ZEMs: Zebrafish embedding molds for high-throughput imaging of zebrafish embryos and larvae.

Abstract

Zebrafish imaging is a powerful tool for observing physiological responses in real time, from the whole organism to the organ, tissue, and cellular levels. It enables researchers to derive biological meaning by observing morphological and histological changes, cell migration, and more. To analyze such dynamic phenomena, the acquisition of high-quality and consistent images is essential. However, it remains challenging to acquire standardized images at specific regions of interest in zebrafish. In this study, we developed a customized imaging platform, the zebrafish embedding mold (ZEM), designed to facilitate imaging of zebrafish embryos and larvae. Three types of molds were fabricated to accommodate different developmental stages and imaging orientations.

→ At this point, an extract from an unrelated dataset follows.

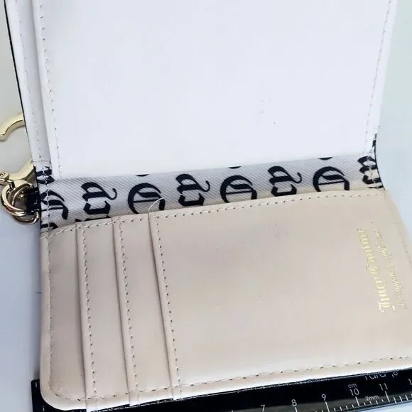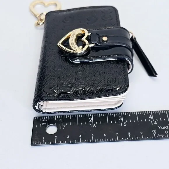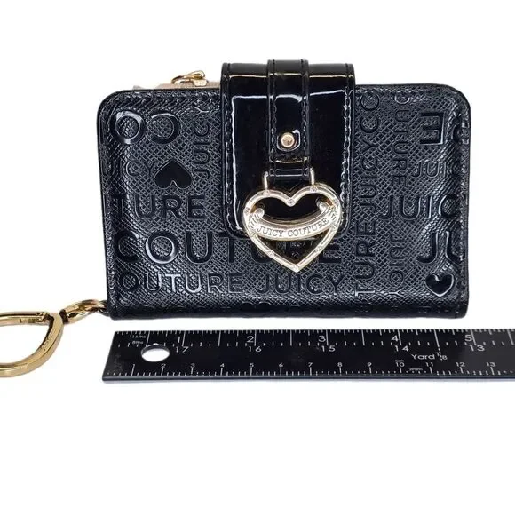 Compact patent leather wallet with gold heart charm closure. Features card slots, ID window, and zip coin pocket. Interior lined with signature Juicy print. Perfect for everyday use, nights out, or as a gift. Gold-tone hardware adds elegant touch. Good condition.Type: Card WalletColor: BlackDepartment: WomenFeatures: Credit Card, FoldingMaterial: Patent Leather, Faux LeatherCharacter: Glam, Y2K, Juicy Girl, FashionistaAccents: Logo, Zipper, ButtonPattern: SolidKeywords: juicy couture wallet, patent leather wallet, heart charm, card holder, small wallet, designer wallet, gold hardware, compact wallet, bifold wallet, y2k accessoriesFast shipping. 30 day returns. Please see photos for more details and measurements if needed. Message me with any questions.

The ZEM provided stable positioning of embryos (0-2 days post-fertilization, dpf) and larvae (3-7 dpf), enabling improved imaging of developmental stages, morphological changes, and fluorescence signals. Using this platform, we successfully analyzed the biodistribution and accumulation patterns of fluorescent polystyrene nanoplastics, as well as morphological alteration induced by exposure to the environmental pollutant benzo[a]pyrene. The ZEM ensured consistent specimen orientation in lateral, dorsal and ventral view, enabling quantitative image-based analysis and reliable toxicological assessment. This platform has the potential to be utilized for image-based screening and mechanistic studies, supporting multi-time point observations, reproducible image acquisition, and statistical analysis using the zebrafish model.